Original post by Anonymous
Hi,
I was quite open to going to university and found that I was passionate about going to my chosen university when applying and thought I would be fine adjusting to it. I am meant to be going to Kingston Uni in September to study Adult Nursing and I am honestly petrified right now, I don't think I'm going to cope well or be able to adjust. It all seems so scary to me right now, I'm 20 years old and had to put a halt on my education before due to mental health problems, but I feel like if I go to university in September I will be subjecting myself to so much anxiety and I feel my mental health will take another toll. I don't even want to continue my student finance incase i start university and need to drop out because of my mental health. My friend from college is going to the same uni and studying a similar course, we will be on the same campus and in some same lessons for the core topics. I went to a taster day at Kingston and I loved it so much but the thought of moving to London and leaving my mum and step dad. I'm scared that when I'm gone, they will stop loving me as much because I won't be around them. I don't know what's wrong with me, it's making me emotional just thinking about it. My father passed away in 2022 and I wish that I could talk to him about this as he went to University and he wen't to one far away, my mum is disabled and I'm also afraid to leave her incase something happens. I don't even think I'm ready to grow up, I feel like I have chosen the worst subject to study at university too as the placement balancing and the intensity of the course will really affect me, I don't think I will be able to do it. I always knew it would be a struggle, but now I am contemplating whether to just withdraw my whole application. I am definitely not ready to get a job, I have agoraphobia too so it's going to be more difficult for me. Is there a point to me trying to go to university if I am worried I will hate it and drop out? I will be in debt because of it and don't know if the risk is worth it. I also don't drink or like going out anywhere, and I know that's what uni life is all about so, I definitely won't like that either. I'm unsure what to do right now.

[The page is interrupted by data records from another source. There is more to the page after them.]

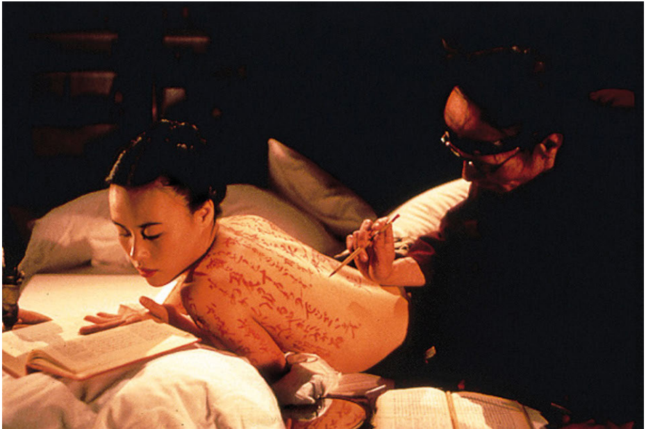
Fig. 5: Nagiko being inscribed by her husband the calligrapher, from: The Pillowbook , A film by Peter Greenaway, 1996.

The publisher, who had originally refused to accept Nagiko’s work, finds pleasure both in Nagiko’s first book, and in reading it from Jerome’s body. He licks the writing and tastes the flesh that bears it. The act of deciphering the text is also that of discovering the body of its bearer, and he and Jerome become lovers.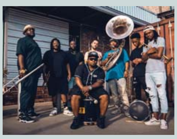
TBC Brass Band

When the Krewe of Black & Gold took roots in 2019, the goal was to celebrate New Orleans' favorite football team while also celebrating the city's culture, traditions and culture bearers. Those plans were quickly derailed when COVID-19 led to shutdowns and event cancellations, and tragic losses of so many lives.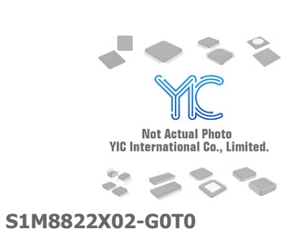
SAMSUNG SAMSUNG QFN-18

Life is tough, big decisions like this are tough, so let yourself breathe and remember you can choose what you want to do. If you really feel that you can’t manage uni right now, then 100% prioritise your mental health and your wellbeing. You’ll have plenty more years to go to uni if that’s what you want to do. I would also say don’t let mental health hold you back, you’re so much stronger than you think so don’t let the worries, fears and the ‘what-ifs’ stop you because look how far you’ve already come.